A German technical village pump issue tells more.

  • The list has been collected from a current toolforge log file within 24 h one week ago.
  • The tool could not answer any query any more.
  • Especially Petal=Huawei caused the overload.
  • After filtering as described the tool answered quick and faster than ever.

Rather than implementing individual defensive action into every single tool, wmcloud.org and toolforge.org should maintain a common solution applied to both domains.

  • xtools@wmcloud are also suffering from overload.
  • In T393487#11024836 it is claimed that “these wikis all have robots.txt files that tell all crawlers to ignore the sites”.
    • Well, obviously not. Otherwise those queries would not have been found in recent log file.

On the other hand, the IP blocking at BETA should be terminated as soon as possible. IP ranges are not a good idea to distinguish bots from human beings over months.

Event Timeline

Restricted Application added subscribers: Cyberpower678, Aklapper. · View Herald Transcript
  • In T393487#11024836 it is claimed that “these wikis all have robots.txt files that tell all crawlers to ignore the sites”.
    • Well, obviously not. Otherwise those queries would not have been found in recent log file.

A robots.txt file is only advisory guidance for well-behaved web bots:

The Toolforge front proxy adds a robots.txt file for any tool that does not serve its own:

On the other hand, the IP blocking at BETA should be terminated as soon as possible. IP ranges are not a good idea to distinguish bots from human beings over months.

Beta is actually a third system which is implemented and managed separate from the Toolforge front proxy and the Cloud VPS web proxy.

libwww-perl/6.68 is the record holder (3 times more visits that PetalBot). But PetalBot was the one, who found really time-consuming urls.

Nope. I am requesting harsh action for both wmcloud.org and toolforge.org​ as entire domains.

  • T226688 is dealing with beta.wmcloud.org only.

A robots.txt file is only advisory guidance for well-behaved web bots:

The request says “no User Agent containing one of the following strings shall receive content”.

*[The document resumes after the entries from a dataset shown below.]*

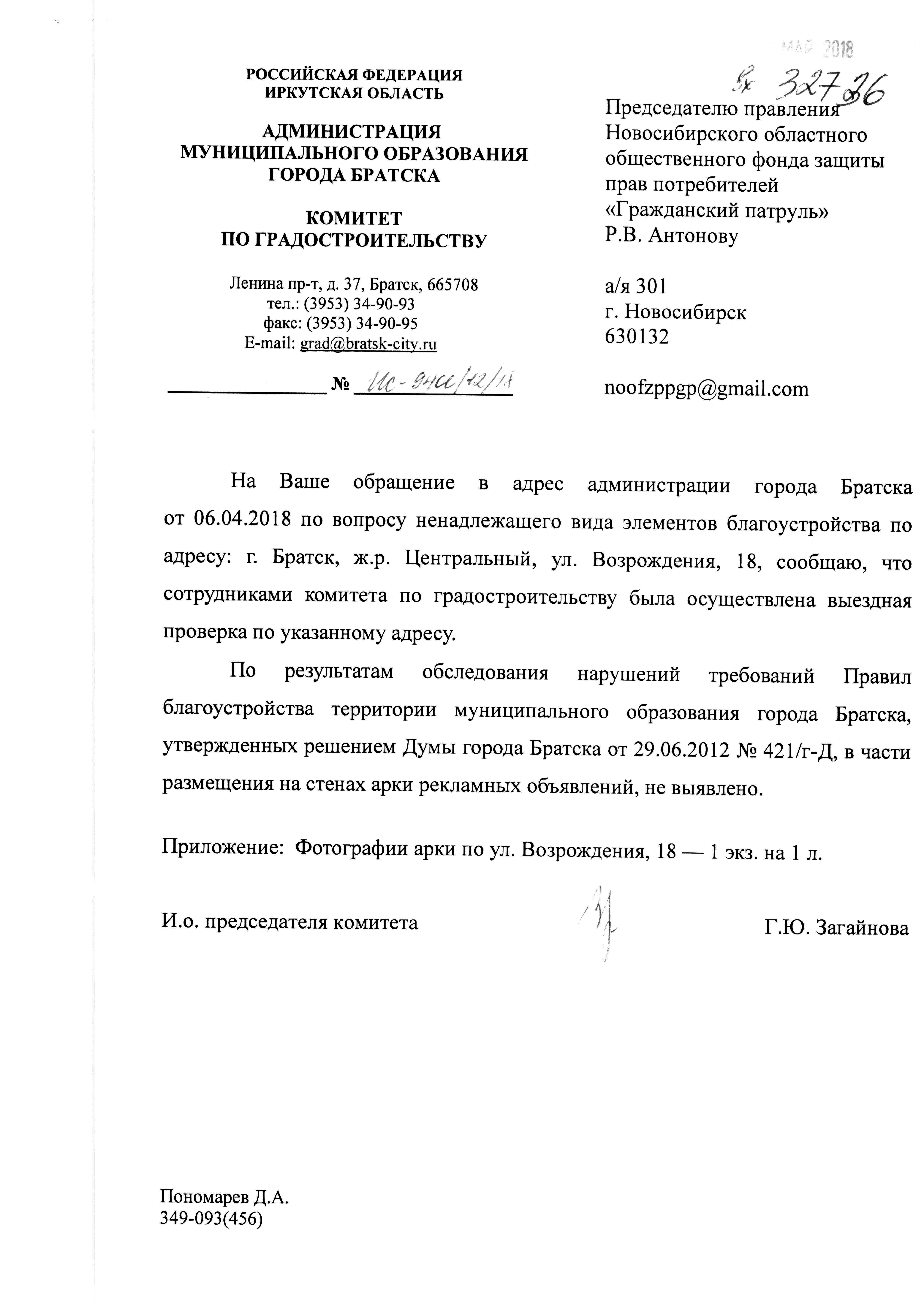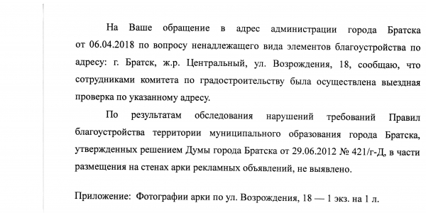 Номер жалобы:32736 Тип жалобы:Иные проблемы ЖКХ Название объекта:А Регион:Иркутская область Город:Братск Адрес:ул. Возрождения, 18 Описание жалобы:Загрязнения стен арки рекламой Статус: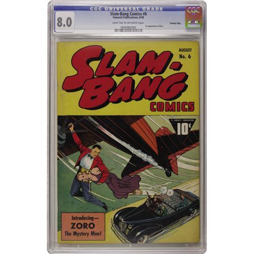 <B>Slam-Bang Comics #6 Crowley Copy pedigree (Fawcett, 1940) CGC VF 8.0 Light tan to off-white pages.</B></I> Zoro the Mystery Man makes his first appearance. An uncommon book, this is the first copy of this issue we've ever offered. Overstreet 2006 VF 8.0 value = $475. CGC census 10/06: 2 in 8.0, 1 higher.<BR><BR><b>Shipping:</b> Slabbed Comic (<a target="_blank" href="http://www.heritageauctions.com/common/shipping.php">view shipping information</a>)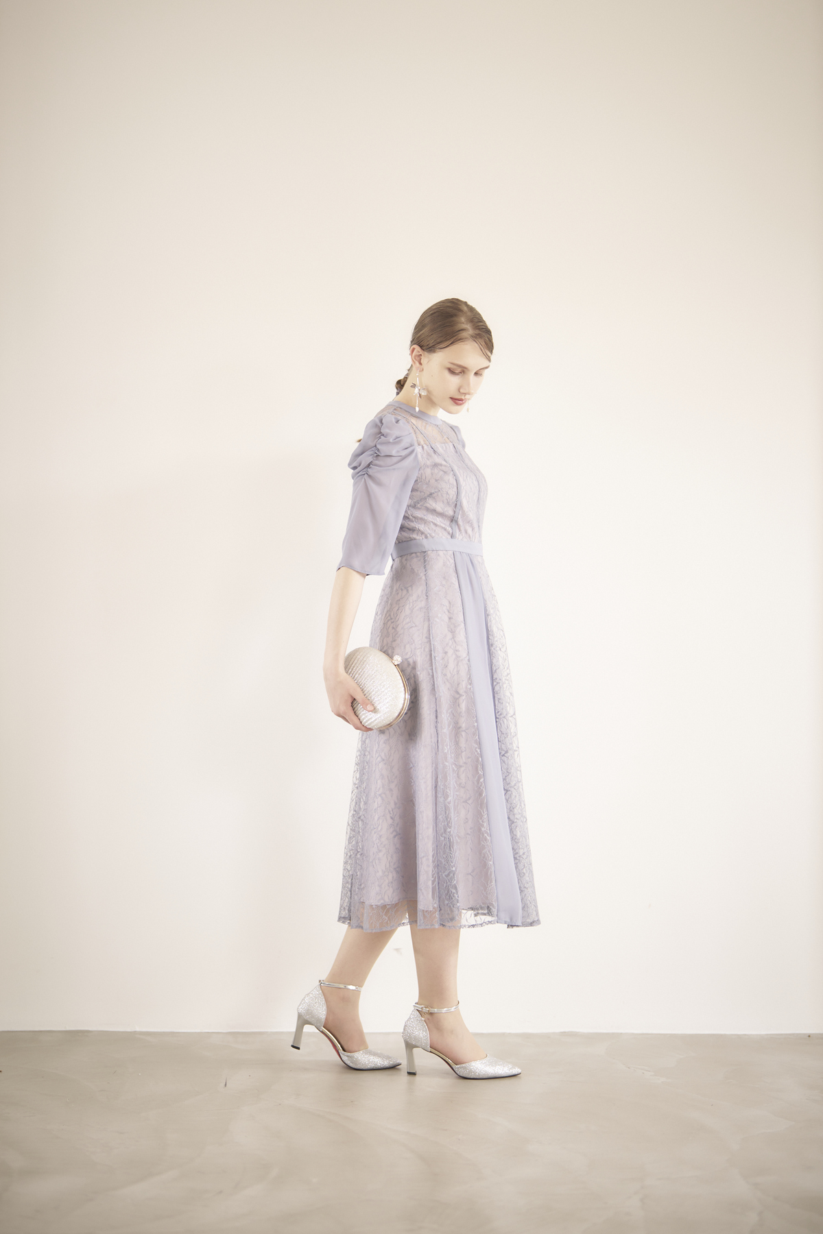 上品なブルーグレーのカラーと繊細なレースが縦ラインで入っていて、スッキリとした印象に

  • That does not mean: Oh, please, dear crawler, obey our robots.txt declaration!
  • It demands: No content (which is 403).
  • I do not care about good manners.
  • If disguised by using a regular browser identification that will need special action.

Please note the code of Wurgl; it will exit as soon as one of those strings is found.

The defense strategy does need a restart, since our tools, services and usage of BETA suffer from significant limitations in productive work.

  • robots.txt is pointless. Rather than for a wikipedia no search engine crawler is required here. Do not bother with good behaviour, just bounce back.
  • The substring method of Wurgl is sufficient, since it solved the problem.
  • If any bot is using a fake agent identification, this particular ID combined with IP range might be used at second stage to avoid collateral damage for humans equipped with that current browser version.

T226688 is dealing with beta.wmcloud.org only.

I do not see a single mention of beta.wmcloud.org in T226688: Block web crawlers from accessing Cloud Services.